Supplied material:
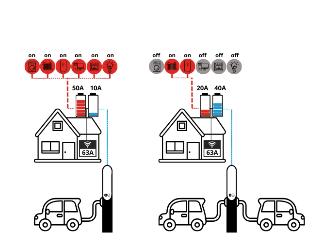 Smart Load Balance – inteligentne zarządzanie mocą ładowania w trzech trybach działania (Normal / Eco / BOOST), pozwalające efektywnie wykorzystywać dostępną energię oraz np. nadwyżki z instalacji PV.
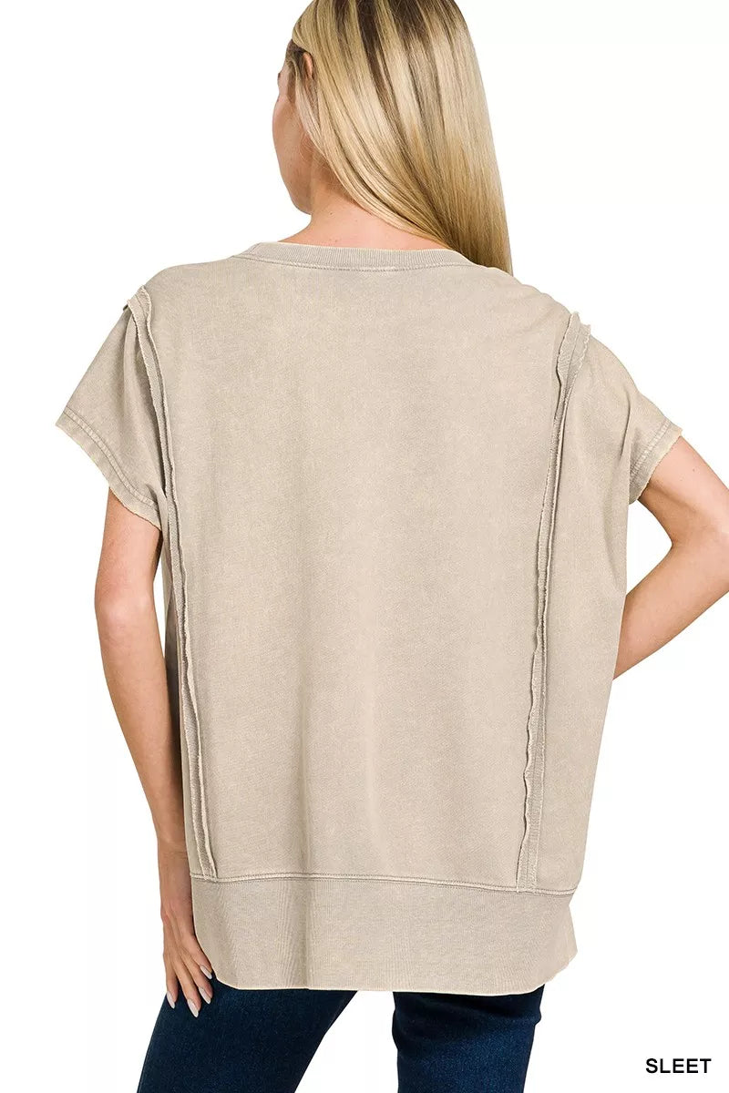 Zenana French Terry Acid Washed Hi-low Top
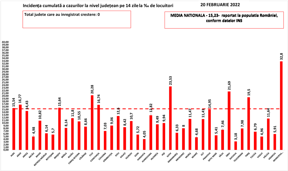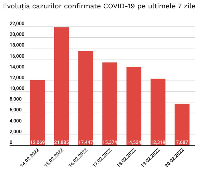 În intervalul 19.02.2022 (10:00) – 20.02.2022 (10:00) au fost raportate de către INSP 68 de decese (42 bărbați și 26 femei), dintre care 2 anterioare intervalului de referință, ale unor pacienți infectați cu noul coronavirus, internați în spitalele din Arad, Bacău, Bistrița-Năsăud, Botoșani, Brăila, Brașov, Călărași, Cluj, Constanța, Dolj, Gorj, Mehedinți, Neamț, Olt, Prahova, Satu Mare, Sibiu, Teleorman, Timiș, Vaslui, Vâlcea, Vrancea și Municipiul București.
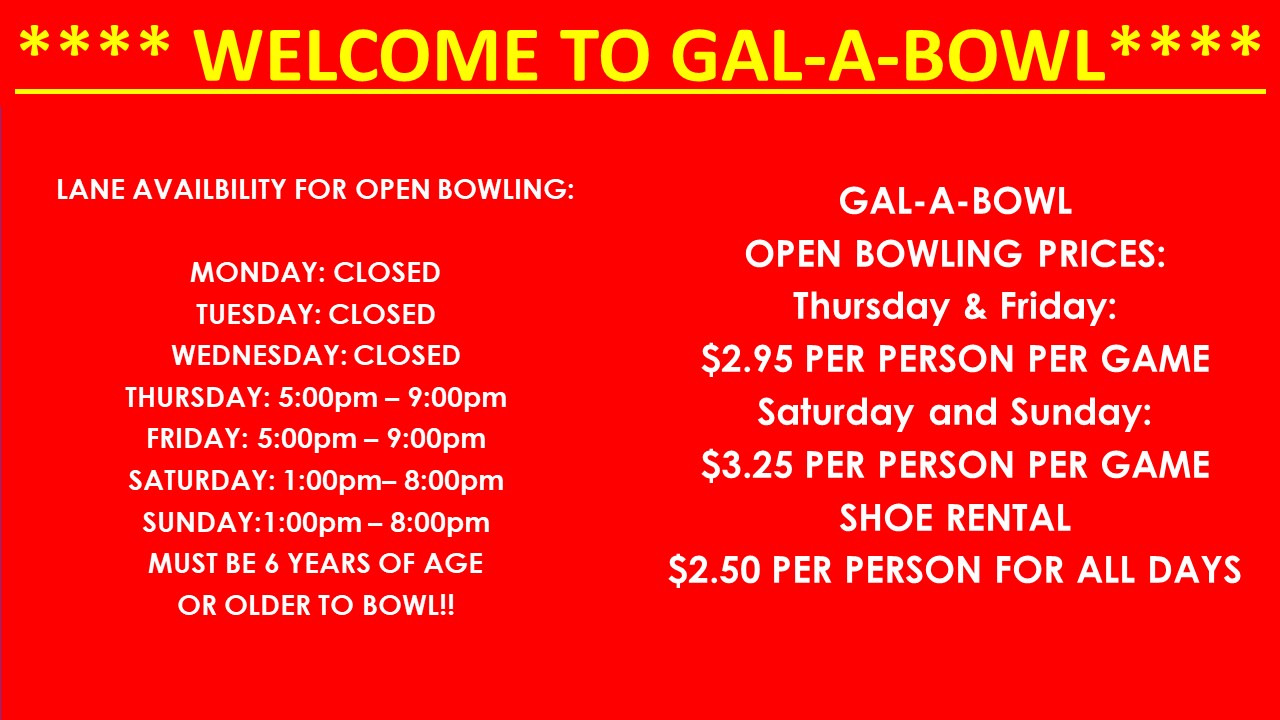Gal-A-Bowl Categories BowlingEducationEntertainmentFitness 1900 E. Aztec Gallup NM 87301 (505) 863-9669 (505) 863-5552 Visit Website Share × Print Email Facebook Twitter LinkedIn Tell a Friend ×
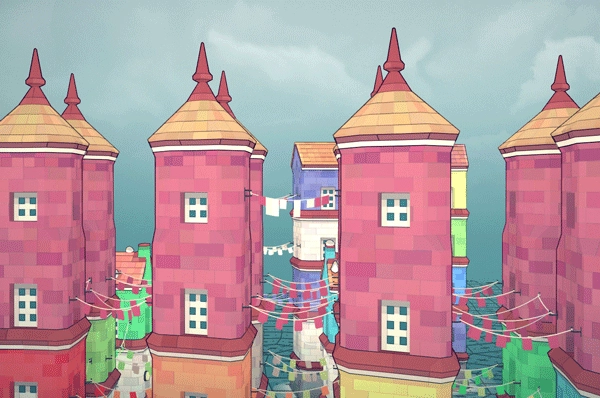 彩旗会在间隔1个或2个空间间隙的2层及以上建筑物之间生成,且这些建筑物需要满足上一层建筑基块与下一层的颜色不同。
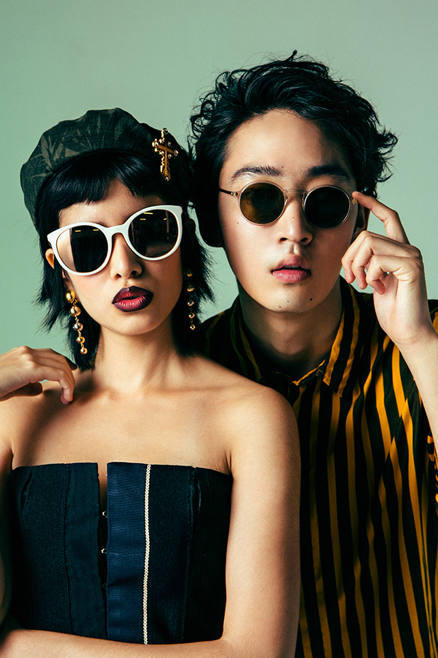 サングラス¥51,500/MYKITA(マイキータ ジャパン)、シャツ¥29,800(ROBERT GELLER/ヴィア バス ストップ ミュージアム)
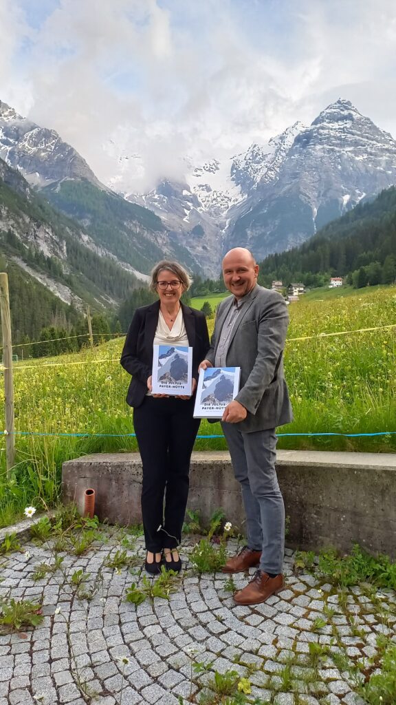 Vor imposanter Bergkulisse in Trafoi – Autorin Karin Ortler und Verleger Elmar Thaler mit dem Buch zur Julius Payer Hütter – Foto: effekt!
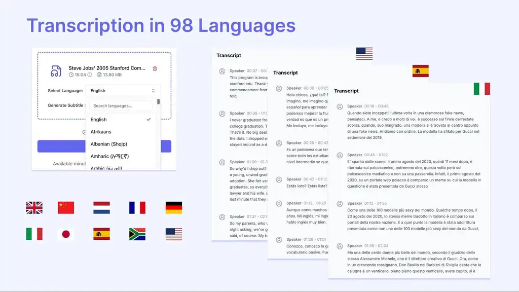 • Supports transcriptions in 98 languages
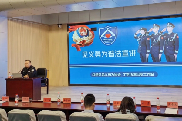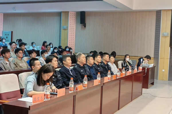 3月10日下午,学院在红桥校区东院开展“守护安全”主题讲座暨安全教育周总结表彰大会。出席本次活动的嘉宾有:公安红桥分局丁字沽派出所副所长杜牧、团支部书记边龙飞、宣传民警丁佳硕、红桥区见义勇为协会干事张鑫,h视频 安全工作处副处长田敬贤、文法学院党委副书记兼副院长李彦磊、安全工作处治安科科长陈安及文法学院全体辅导员。文法学院大一至大四全体班干部和宿舍长参加会议。
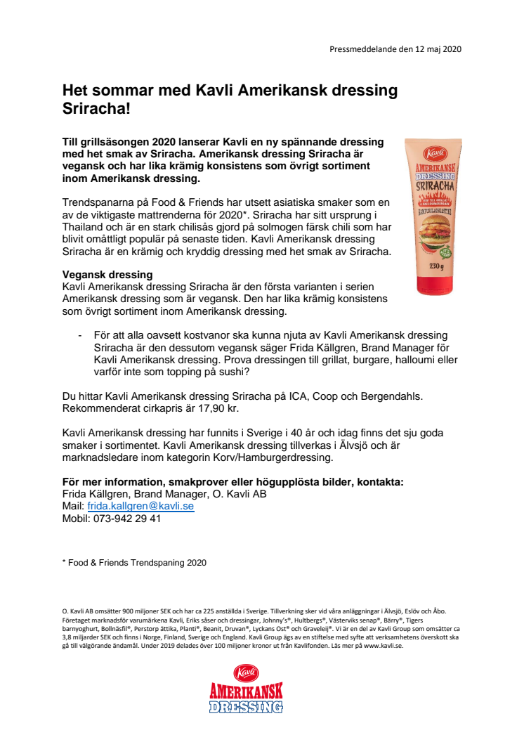 Till grillsäsongen 2020 lanserar Kavli en ny spännande dressing med het smak av Sriracha. Amerikansk dressing Sriracha är vegansk och har lika krämig konsistens som övrigt sortiment inom Amerikansk dressing.
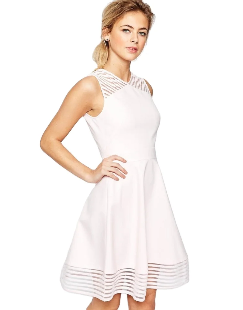 Casual Summer Sleeveless White Mesh Skater Dress Women Solid A-line Breathable Sporty Dress
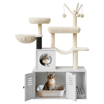 2 in 1 Corner Pet Kennel for Dogs and Cats with 2 Food Bowl, Cat Scratching Post, Top Perch Bed, Multi-Functional
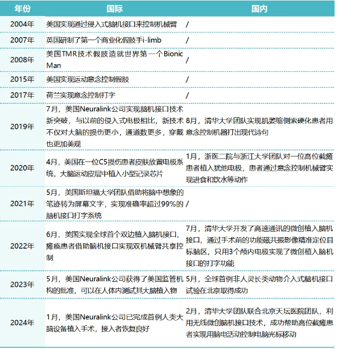表1 21世纪后脑机接口的国内外研究进展
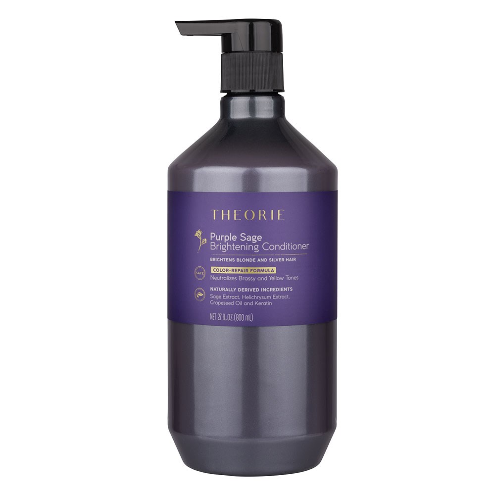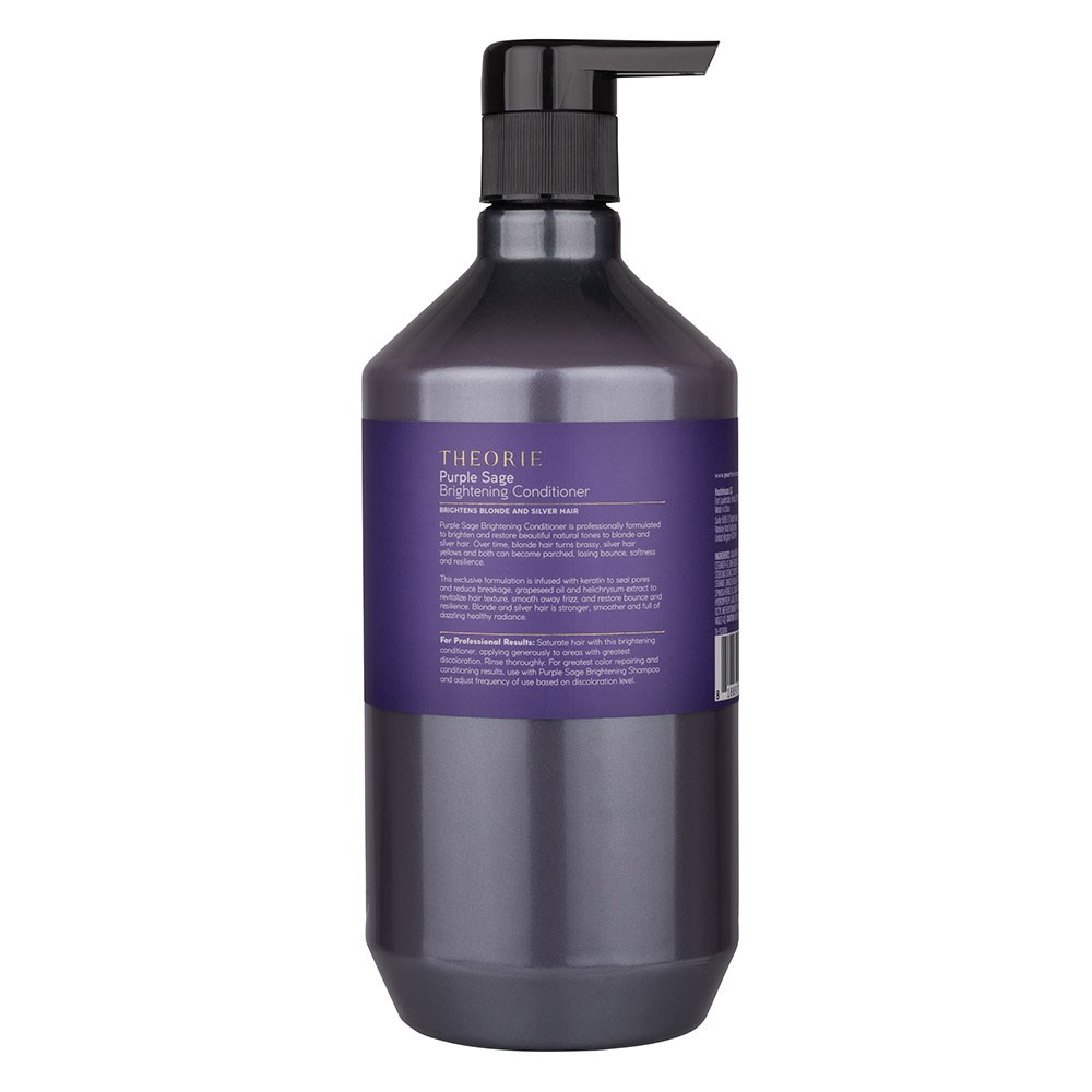 Brighten and restore vibrant blonde and silver hair with the Theorie Purple Sage Brightening Conditioner. Professionally formulated to neutralise brassy and yellow tones. Infused with keratin, sage, helichrysum extract and grapeseed oil, this conditioner seals the cuticle and revitalises hair texture to smooth, reduce frizz and restore natural bounce. Hair is left stronger, smoother and brilliantly radiant.

Work item:
Within the material above, only the stretch from the line holding "Vor imposanter Bergkulisse" through the line holding "in 98 languages" is to be restated exactly. Pictures are dropped.

Written response:
 Vor imposanter Bergkulisse in Trafoi – Autorin Karin Ortler und Verleger Elmar Thaler mit dem Buch zur Julius Payer Hütter – Foto: effekt!
 • Supports transcriptions in 98 languages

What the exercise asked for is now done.